Another preclinical study by Witherspoon et al. in this issue examined the effect of two newer generation anti-seizures medications (ASM) on cell death in the neonatal rodent brain. Several ASMs are associated with neurotoxicity and long-term behavioral changes. This study tested the effects of brivaracetam (BRV) and perampanel (PER) on cell death in the neonatal rat brain and found that neither drug exhibited signs of neurotoxicity. These promising findings suggest that these drugs may offer a safer option for the treatment of early-life seizures.
Chamakioti et al. published a comprehensive review on the role of zinc in the premature brain. The essential micronutrient, zinc, is critical in many facets of neurologic functions and development. Preterm infants are at risk for zinc deficiency and supplementation of zinc is associated with decreased mortality and increased weight gain in this population. This review also highlights some key knowledge gaps in this area and potential future directions in this field of research.

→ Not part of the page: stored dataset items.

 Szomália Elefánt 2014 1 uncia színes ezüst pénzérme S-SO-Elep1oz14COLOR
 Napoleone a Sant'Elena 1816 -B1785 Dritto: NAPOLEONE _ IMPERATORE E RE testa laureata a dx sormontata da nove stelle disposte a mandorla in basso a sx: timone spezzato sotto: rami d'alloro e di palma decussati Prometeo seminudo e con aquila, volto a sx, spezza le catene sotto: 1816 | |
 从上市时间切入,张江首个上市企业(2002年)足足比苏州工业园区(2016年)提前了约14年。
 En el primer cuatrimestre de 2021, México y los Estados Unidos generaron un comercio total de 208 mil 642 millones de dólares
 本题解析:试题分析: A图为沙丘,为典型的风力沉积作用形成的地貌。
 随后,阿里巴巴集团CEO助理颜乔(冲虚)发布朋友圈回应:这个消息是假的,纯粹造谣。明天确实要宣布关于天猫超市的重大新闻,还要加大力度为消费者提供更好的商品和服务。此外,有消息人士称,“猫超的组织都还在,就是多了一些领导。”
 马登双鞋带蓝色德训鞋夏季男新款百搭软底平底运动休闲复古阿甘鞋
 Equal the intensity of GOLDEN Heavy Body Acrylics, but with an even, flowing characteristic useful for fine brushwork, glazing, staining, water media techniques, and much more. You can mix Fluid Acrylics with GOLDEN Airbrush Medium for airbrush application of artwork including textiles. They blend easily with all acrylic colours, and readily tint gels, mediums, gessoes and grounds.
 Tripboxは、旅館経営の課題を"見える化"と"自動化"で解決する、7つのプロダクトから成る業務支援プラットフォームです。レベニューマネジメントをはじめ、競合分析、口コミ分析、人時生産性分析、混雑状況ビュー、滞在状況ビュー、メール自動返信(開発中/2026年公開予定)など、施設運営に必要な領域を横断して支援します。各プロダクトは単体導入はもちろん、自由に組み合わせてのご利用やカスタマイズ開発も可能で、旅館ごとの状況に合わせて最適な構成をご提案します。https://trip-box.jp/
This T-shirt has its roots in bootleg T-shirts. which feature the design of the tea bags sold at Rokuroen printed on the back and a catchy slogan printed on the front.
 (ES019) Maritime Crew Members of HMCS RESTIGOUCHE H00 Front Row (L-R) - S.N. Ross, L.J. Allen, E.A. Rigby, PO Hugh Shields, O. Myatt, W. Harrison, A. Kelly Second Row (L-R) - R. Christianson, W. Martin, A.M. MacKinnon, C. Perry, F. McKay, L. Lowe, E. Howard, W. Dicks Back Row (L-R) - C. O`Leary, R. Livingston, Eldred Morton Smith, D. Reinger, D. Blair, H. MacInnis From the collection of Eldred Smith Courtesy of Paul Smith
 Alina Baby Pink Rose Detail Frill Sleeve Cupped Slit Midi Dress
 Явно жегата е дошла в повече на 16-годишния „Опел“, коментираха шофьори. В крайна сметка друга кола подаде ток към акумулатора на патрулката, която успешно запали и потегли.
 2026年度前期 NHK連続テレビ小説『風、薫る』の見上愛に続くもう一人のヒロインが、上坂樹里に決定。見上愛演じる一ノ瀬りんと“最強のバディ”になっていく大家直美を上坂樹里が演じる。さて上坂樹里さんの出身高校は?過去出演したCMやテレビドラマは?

A perspective piece by Beatty et al. discussed refractory agitation in the neonatal intensive care unit population. This paper reviewed high-risk populations and potential therapies and strategies for management of this common problem in hospitalized neonates. This paper highlights a clinical pathway for management of these patients that includes both non-pharmacologic and pharmacologic therapies.
Lastly, Chen et al. utilized the multi-center, prospective National Infantile Spasms Consortium database to examine standard treatments for infantile epileptic spasms syndrome (IESS) in children with trisomy 21. These authors found that epileptic spasms were the first presenting seizure type in children with trisomy 21 and that when compared to vigabatrin and oral corticosteroids, adrenocorticotropic hormone may have superior efficacy for clinical and electrographic outcomes in this population.
This Research Topic issue assembled a wide-ranging collection of papers on the most up-to-date information and research on effects of commonly used and emerging medications on the vulnerable, developing brain.